Reputation: 245
I have a little trouble with a regular expression. I have the following string patterns
- "Emily Watson (abril de 1897-)"
- "Emaa William (california)".
I need to write a regex which should extract only "Emily Watson" from the 1st string and "Emaa William (california)" whole string from the 2nd string.
Basically my regex should omit the text along with braces if it is in the following pattern "month de year". so far i have tried
(?'NAME'[\w]+\s*[\w]+\s*\([\w]+(?![\w]+\s*de\s*\d{4}-)\))
In above regex works fine for 2nd string i.e., "Emaa William (california)" but it's not working for my 1st string "Emily Watson (abril de 1897-)".
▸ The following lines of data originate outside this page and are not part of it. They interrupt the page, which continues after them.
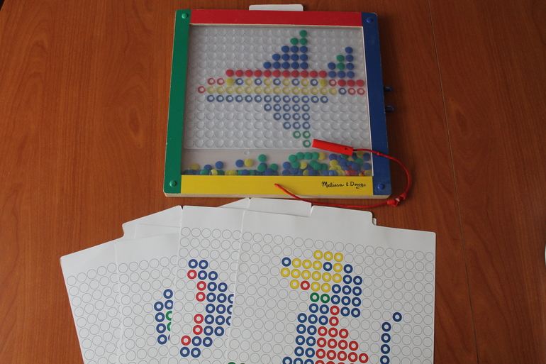 Добрый! У мозаик с палочками GoGo и Melissa (последняя и предпоследняя) одинаковый принцип: все детали под закрытым прочным пластмассовым стеклом, стекло не вынимается. Детали передвигаются только с помощью магнитной палочки.
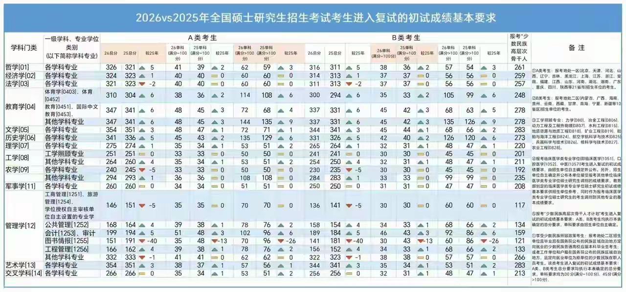 2026年考研国家线公布,整体呈现出“稳中有涨、冷热分化”的态势。与2025年相比,绝大多数专业分数线有小幅上涨,仅有少数专业微降或持平。 尽管报考人数有所减少,但分数仍是涨多降少,上涨成为主流。约70%的专业分数线较2025年有所上调,涨幅集中在1 - 6分。其中,教育学(涨6分)、哲学(涨5分)、历史学(涨5分)涨幅居前,竞争加剧态势显著。 有少数几个专业“降温”:法学(降2分)、农学(降5分)、工商管理(MBA)(降5分)分数线出现回落,报考热度有所缓和。 高分段赛道依旧:文学和艺术学分数线并列最高(354分),且均上涨3分,依旧是考研竞争最为激烈的“天花板”。 该如何解读这种趋势呢? 人文社科“卷”度升级:教育学、文学、哲学等专业分数线上涨,反映出在就业压力之下,文科生“被动考研”群体增多,抬高了竞争门槛。 理工医稳中有升:理学、工学(非照顾专业)、医学分数线普遍微涨1 - 4分,这表明即便报考人数下降,优质生源的竞争依旧激烈。 政策导向明显:工学照顾专业和军事学分数线连续持平,体现了国家对艰苦及战略急需专业的扶持;农学大幅降分则意在吸引生源,保障基础学科招生。 考研达人张雪峰直言,分数线涨跌与报考人数关系不大,主要取决于两点: 一是当年试题难度,题目偏向基础,高分增多,分数线自然容易抬升; 二是考生整体发挥,公共课、专业课发挥稳定,整体分数区间上移,分数线也会随之调整。 目前更重要的是,重视“复试”!往年初试分数高却被刷下来的情况并不少见。
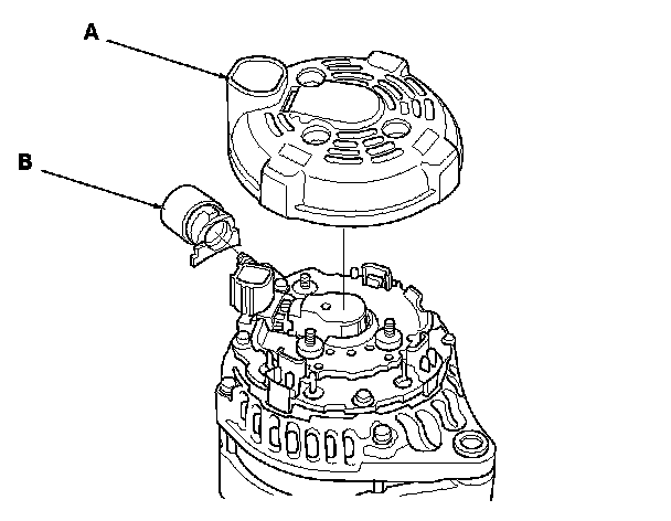 5. Remove the end cover (A) and the insulator (B).
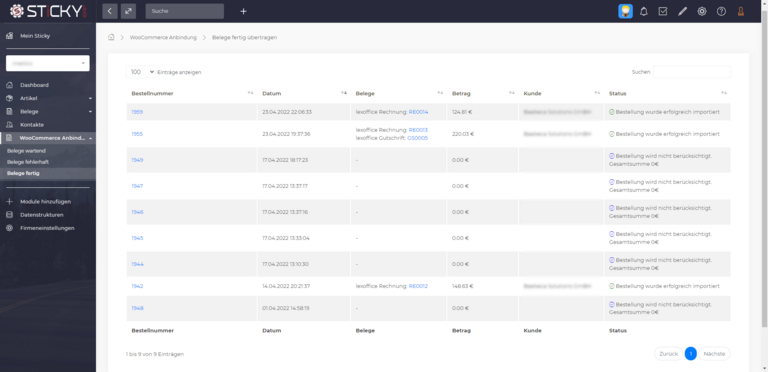 - Informationen zu erstellten Belege werden in WooCommerce-Bestellungen als Notiz angezeigt

In case of "Emily Watson (abril de 1897-)", I am not getting name i.e., Emily Watson.
Can any one please help me for how to exclude the first string of my problem.
Upvotes: 1
Views: 126
Reputation: 91518
Have a try with this one:
(?<NAME>.+\s\(\w+\)|.+\s(?=\(\w+\sde\s\d{4}-\)))
It returns
Emily Watson
Emaa William (california)
Upvotes: 2
Reputation: 4078
You should swap the negative lookahead with the match.
(?'NAME'[\w]+\s*[\w]+\s*\((?![\w]+\s*de\s*\d{4}-)[\w]+\))
This way, first you're checking if there's no month de year
pattern between the parentheses, and then matching what is between the parentheses, while your version was first matching everything up to the last parenthesis and then checking if there was no month de year
in the bit that was left.
Upvotes: 1